Cognitive Reserve and Impact on HE and Quality of Life

There are two opposing forces that determine the likelihood of expressing the HE phenotype/developing neuropsychiatric symptoms in the presence of hyperammonemia or in relation to cerebral insults of different types and sizes—cognitive reserve (i.e. the neuroprotection that derives from chronic mental, social, and physical activity) and neuropsychiatric comorbidity. Cognitive reserve represents a resilience factor, while comorbidity increases the likelihood of the phenotype becoming apparent. The first example of how cognitive reserve can modulate the HE phenotype in patients with cirrhosis was provided by Srivastava and colleagues, who described the case of a taxi driver with cirrhosis and significant psychometric impairment whose on-the-road driving test performance remained very good [31]. Several years later, Montagnese and colleagues reported the cases of two patients with cirrhosis and HE, whose hobby or job were possibly responsible for a selectively enhanced performance in one neuropsychiatric test [32]. Patel and colleagues subsequently reported better quality of life in patients with cirrhosis and higher cognitive reserve (assessed by a demographically based regression method to estimate pre-morbid intelligence in terms of index scores on the Wechsler Adult Intelligence Scale–Revised), regardless of the presence of covert HE and the degree of hepatic failure [33]. Finally, Amodio and colleagues [34] assessed cognitive reserve with a dedicated tool (the Cognitive Reserve Index questionnaire (CRIq) [35]) in a large group of well-characterized patients with cirrhosis and varying degrees of neuropsychiatric impairment.
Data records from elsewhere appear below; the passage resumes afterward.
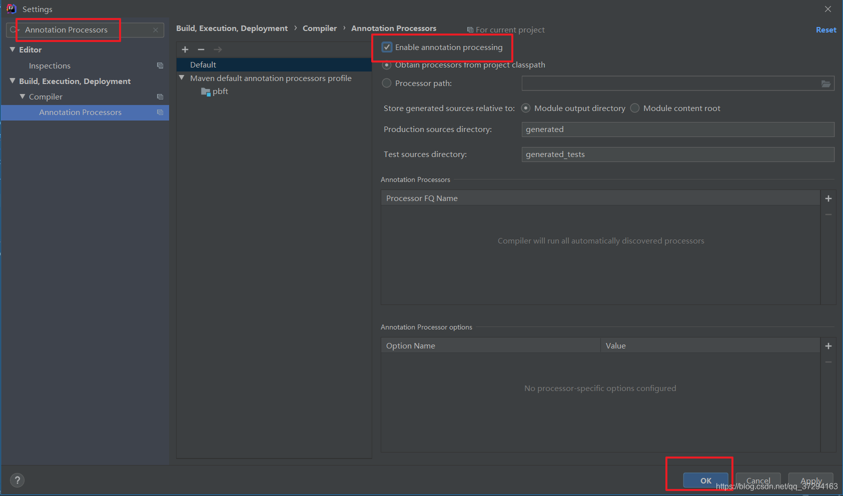 2、允许插件运行, 点击菜单栏中的【File】->【Setting】->搜索框直接输入【Annotation Processors】-> 将 Enable Annotation Processors 打勾,重启软件即可。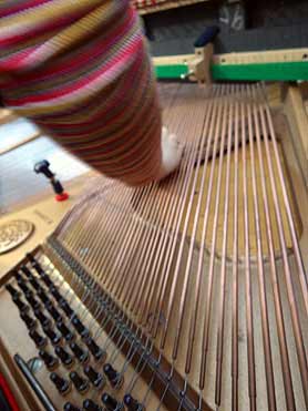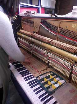 先ず調律時狂い安いところと弦がすでに一度切れている周辺チェック短駒のチェック 鍵盤ブッシング系ががたがたなので貼り替え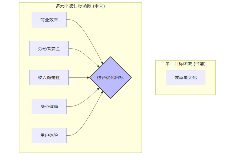 当前算法的目标函数过于单一,往往只追求商业效率(如GMV、订单密度)。未来的算法设计应转向一个更加平衡和多元的目标函数。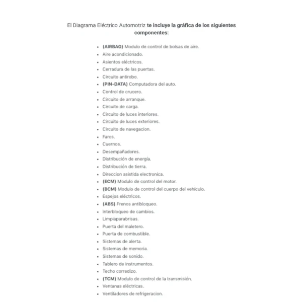 El Diagrama Eléctrico Automotriz te incluye la gráfica de los siguientes componentes: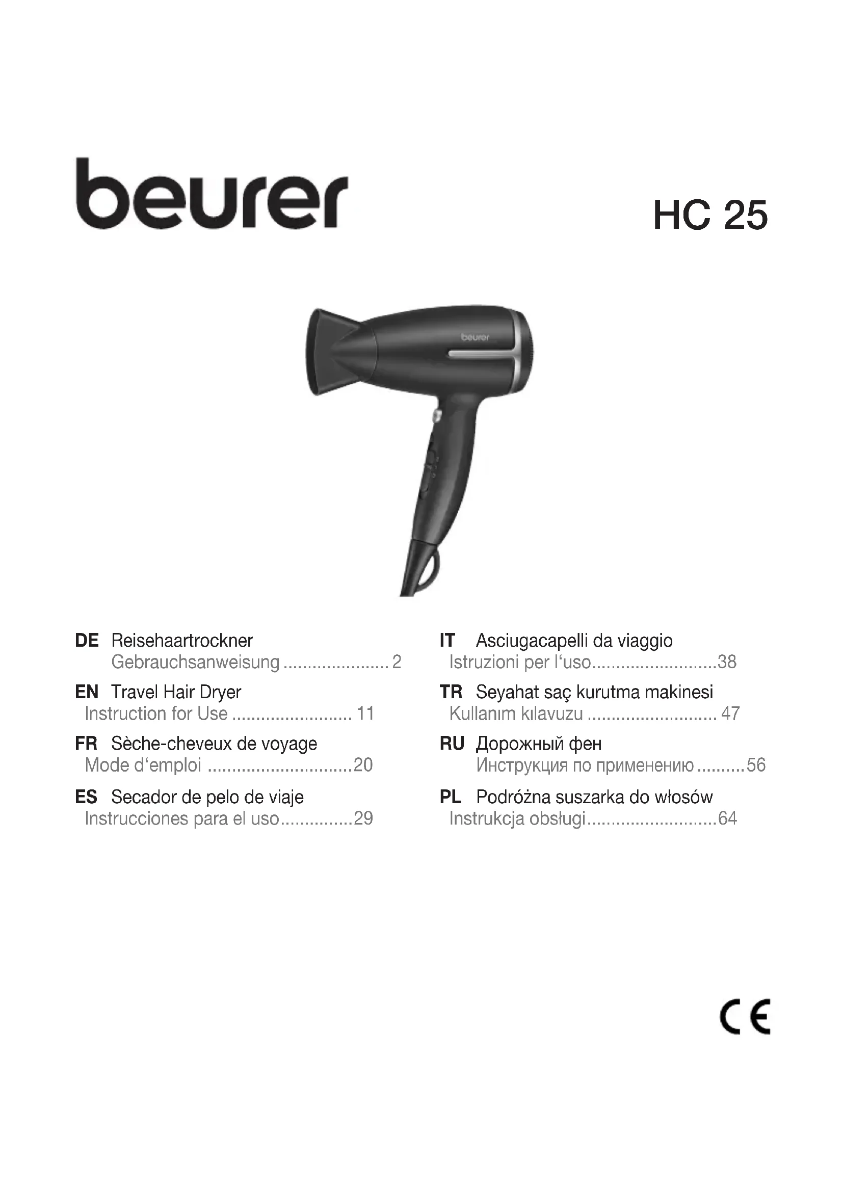HC 25 - Sèche-cheveux BEURER - Notice d'utilisation et mode d'emploi gratuit
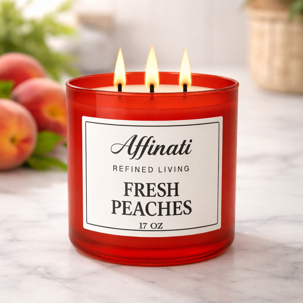 Perfekt til at tilføre frisk, frugtagtig glød til dit rum, føles Fresh Peaches opløftende, saftig og dejligt livlig—ideel til sommer eller når som helst, du ønsker et solskinsudbrud indendørs.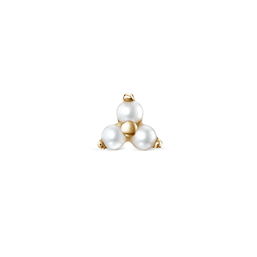 Den lilla Trinity Stud från Maria Tash har satt in tre små vita pärlor. Baksidan är en blomma som lätt kan skruvas av och på med sin tråd.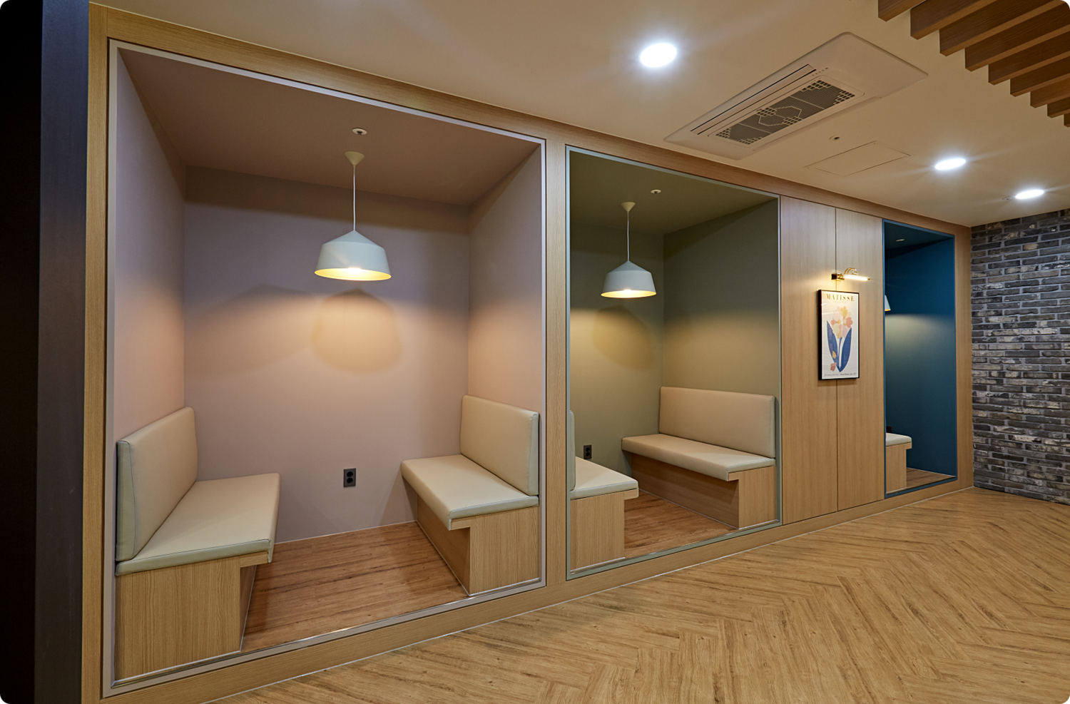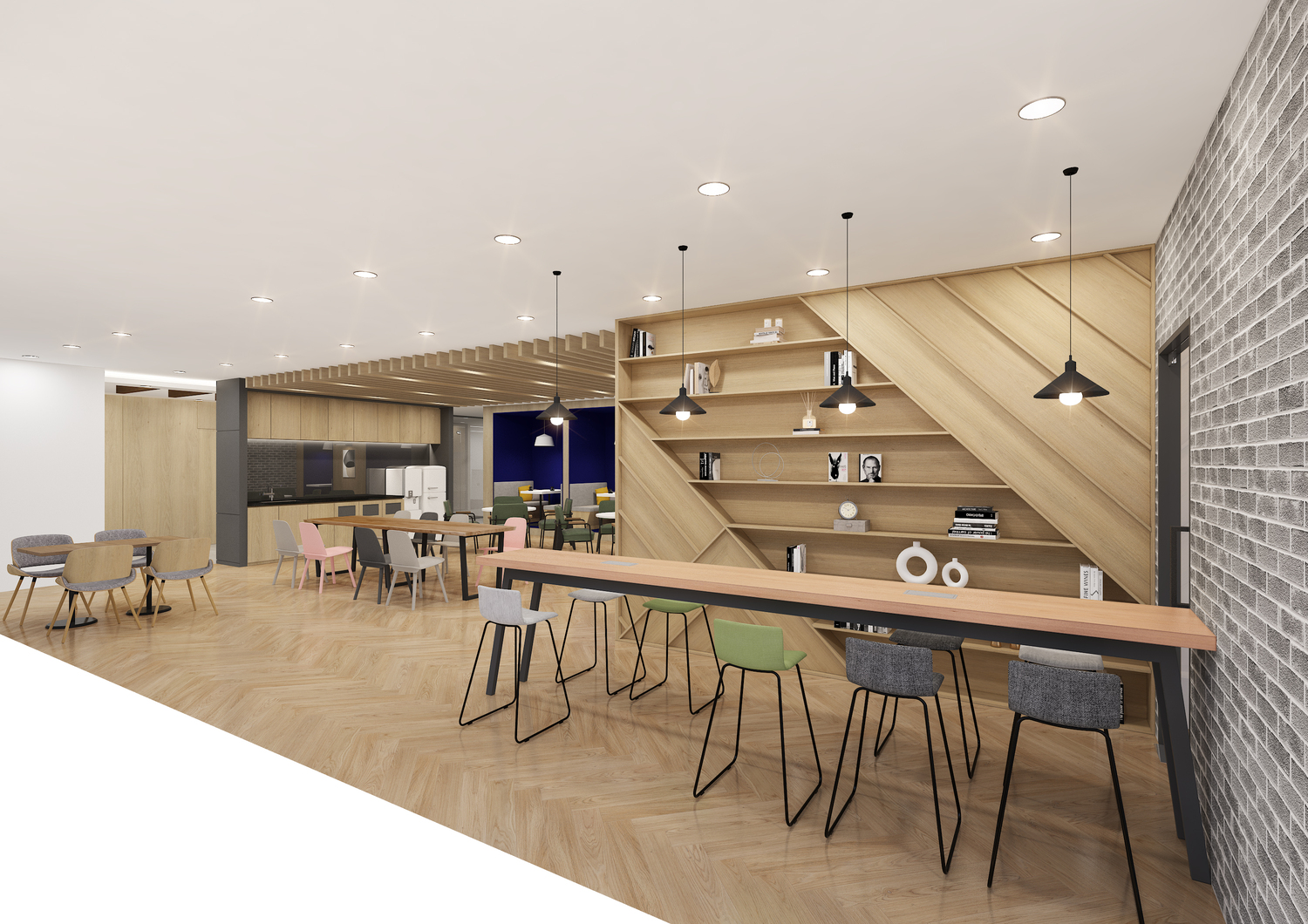 다음은 휴식&미팅 공간인 카페테리아 모습입니다. 우드&벽돌 타입의 디자인으로 따뜻한 감성과 편안함을 주는 공간이 되었습니다.별도의 공간들을 만들어서 다른 사람의 눈치를 보지 않고도 편하게 쉴 수 있으며 간단한 업무를 처리할 수 있기도 하고 직원들끼리의 스몰 토크도 가능합니다.가운데는 오픈형으로 테이블을 배치할 예정이며 한쪽 벽면에는 이렇게 아늑한 공간을 만들었는데요. 팬던트 조명까지 더해져 감성 카페에 온 듯한 느낌입니다.

They reported a correlation between CRIq scores and neuropsychological performance, but not between CRIq and neurophysiological performance, suggesting that cognitive reserve may explain some of the mismatch between neuropsychological and neurophysiological HE indices, and may represent a resilience factor for neuropsychological dysfunction in these patients. While tools to measure cognitive reserve remain sparse, and their validation/use is not yet widespread, clinicians should be alert to the fact that personal inclinations and habits may impinge on neuropsychological performance, in some instances protecting from HE, and, in others, masking its milder phenotypic manifestations.

Conclusions

There is evidence that HE, even in its milder forms, affects quality of life, sleep–wake patterns, and the balance and relationships between the affected patient and their family. The exact weight of HE over such life domains in relation to the underlying liver failure is not easily established, and the risk and resilience factors of single patients are difficult to measure. Hepatologists and gastroenterologists should become more familiar with the tools and techniques needed to further the understanding within this field of clinical research and clinical practice, which has significant social and economic ramifications.